Gold demand to hit record with central-bank buying and Federal Reserve rate cuts, WGC says
- The precious metal rallied 13 per cent last year, touching a record in early December, on the back of economic and political uncertainty, geopolitical tensions
- Central-bank buying to top 500 tons this year, after net purchases reached 1,037 tons in 2023, the WGC said

Total gold demand hit a record last year and is expected to rise again in 2024 as the Federal Reserve moves towards cutting interest rates, potentially aiding prices, according to the World Gold Council (WGC).
Overall consumption expanded about 3 per cent to 4,899 tons last year, supported by strong demand in the opaque over-the-counter (OTC) market, as well as from sustained central-bank buying, according to the WGC’s full-year report. That’s the highest total figure in data going back to 2010.
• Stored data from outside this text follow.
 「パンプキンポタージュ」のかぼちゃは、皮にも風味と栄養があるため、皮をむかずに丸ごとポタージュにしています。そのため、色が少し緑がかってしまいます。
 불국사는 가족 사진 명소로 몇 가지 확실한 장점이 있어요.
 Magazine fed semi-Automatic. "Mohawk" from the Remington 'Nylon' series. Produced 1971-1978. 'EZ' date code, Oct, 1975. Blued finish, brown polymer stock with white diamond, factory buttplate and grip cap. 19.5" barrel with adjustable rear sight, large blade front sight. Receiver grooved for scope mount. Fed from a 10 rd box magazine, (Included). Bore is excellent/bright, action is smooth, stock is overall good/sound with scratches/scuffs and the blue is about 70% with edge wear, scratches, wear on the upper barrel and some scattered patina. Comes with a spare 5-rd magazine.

“The landscape is appropriate for emerging central banks to continue to be net buyers,” Joseph Cavatoni, chief market strategist at the WGC, said in an interview. The council sees a strong case for record buying by countries such as China and Poland, he said.
The comprehensive demand figure includes bullion for investment, jewellery, coins, central-bank buying, exchange-traded funds (ETFs) and OTC activity. In that latter market, participants including sovereign funds, high net-worth individuals and hedge funds invest in gold bars, Cavatoni said.
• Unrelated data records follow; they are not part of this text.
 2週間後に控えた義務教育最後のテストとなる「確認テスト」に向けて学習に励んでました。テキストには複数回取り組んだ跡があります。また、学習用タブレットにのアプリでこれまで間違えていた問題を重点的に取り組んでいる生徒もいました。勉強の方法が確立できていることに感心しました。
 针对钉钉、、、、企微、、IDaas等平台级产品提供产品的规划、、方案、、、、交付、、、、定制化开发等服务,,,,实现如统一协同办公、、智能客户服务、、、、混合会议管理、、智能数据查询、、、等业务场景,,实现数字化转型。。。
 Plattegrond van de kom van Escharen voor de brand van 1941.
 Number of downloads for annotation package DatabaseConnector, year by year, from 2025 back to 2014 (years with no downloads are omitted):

The precious metal rallied 13 per cent last year, touching a record in early December, on the back of economic and political uncertainty, geopolitical tensions, and expectations that the US central bank is poised to start easing policy after an aggressive hiking campaign to tame inflation. Investors typically want to own gold in a rate-cutting cycle as it benefits from lower Treasury yields and a weaker dollar.
Annual demand growth in the OTC market hit 753 per cent last year, the most since at least 2011, WGC data showed. Investors are expected to continue accumulating gold at an accelerated pace this year, largely driven by the Federal Reserve’s expected pivot towards easing, according to Cavatoni.